There was one man who posed with complete disdain for my sketching session. He wrote me later that since he did not have much to do, he spent the session planning a tour itinerary.
By far, the most interesting part of what I do is asking people if they would pose naked for me. They instantly imagine I have ulterior motives. Very few take the offer at its face value. I get varied reactions—chiefly outrage, of course. I am told: “Are you out of your mind?” “Do you know what you are asking?” “You dirty pervert.” A 35-year-old working woman tersely said, “I am married.” “So bring your husband along,” I said. (She later posed for me, but not in her husband’s presence.)
Another friend did not know how to react. She just got up and left. Later she wrote back: ‘I can try.’ There are some who are fairly cool about it. “I knew this was coming,” a friend told me, but refused. I took out a writer friend for dinner and asked her. “You didn’t have to take me out to ask me this,” she said. She posed for me after a year. There were two subjects who smiled to tell me, “I am not coming just for sketching.” So I am tempted to believe that people who agree to pose are looking for some adventure.
I offered to sketch a girl in her late twenties, a fat-salaried employee with an MNC in Gurgoan. She agreed. Two hours before she was to arrive, she called to say that her boyfriend would accompany her. I would lie if I say I was not disappointed. I told her that my room has seating for six; she could get her boyfriend and three others as well. But she arrived with just her boyfriend. As I was sketching her, she kept discussing plans to redo her wardrobe. After a point, the boyfriend felt ignored. So he said he wants to be sketched too. He stripped, dropping all inhibitions in an instant; his girlfriend had a hey-you-were-not-supposed-to-do-this kind of expression on her face. I sketched them both.
On another occasion, I sketched a girl in the company of six of her friends (all clothed).
An interracial couple gave me a picture of a nude couple. They wanted me to sketch them in the same pose. I was serving out their fetish. Then, another girl, a photographer, preferred being sketched outdoors. I sketched her on the bank of the Yamuna just off Delhi’s Ring Road, near Humayun’s Tomb. We went early one morning in May to avoid curious onlookers. An Englishman insisted that he be sketched on the first floor balcony of his DDA flat in Sarita Vihar, Delhi, in full view of other flats. I declined; I didn’t want to draw attention. A girl got me to do micro-anatomical aspects of her body; the sketches looked surreal, they didn’t look human. An athlete stood on one leg, the other stretched back, while he bent forward with his arms widespread like the wings of a falcon. A photographer clicked pictures of me while I sketched him.
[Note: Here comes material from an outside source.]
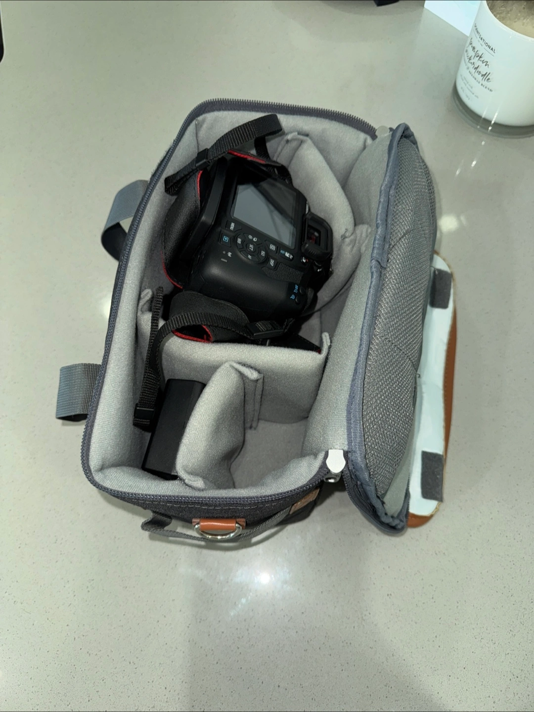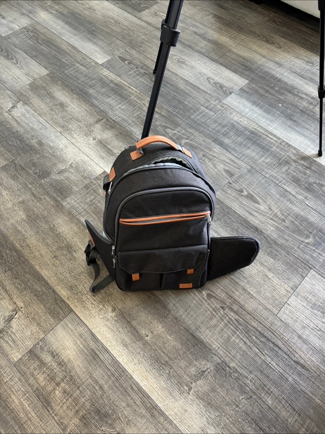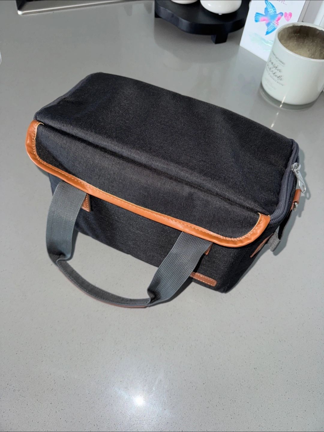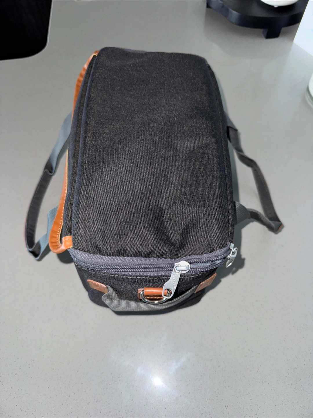 Selling a camera bag in great condition! It's black with brown trim and grey straps. Perfect for carrying your camera and accessories safely and securely. It has adjustable dividers inside to customize the space to fit your gear

I have sketched a French environmentalist, a 34-year-old slender man, in his paying guest accommodation in Greater Kailash-I, Delhi. The landlady, a fat Punjabi auntie, kept knocking at the door for some reason. “Come out,” she would yell. The subject asked the auntie’s son, a college-going boy, into the room and explained what was happening, inviting him to sit through the session. They never knocked the door after this. The French environmentalist was asked to move out of the apartment the very next morning.
I wonder why the human species started wearing clothes in the first place. Perhaps to facilitate migrations to colder climes? To help insecure men conceal their penis sizes? Hygiene? Whatever the reasons, clothes were never meant to hide. Just protect.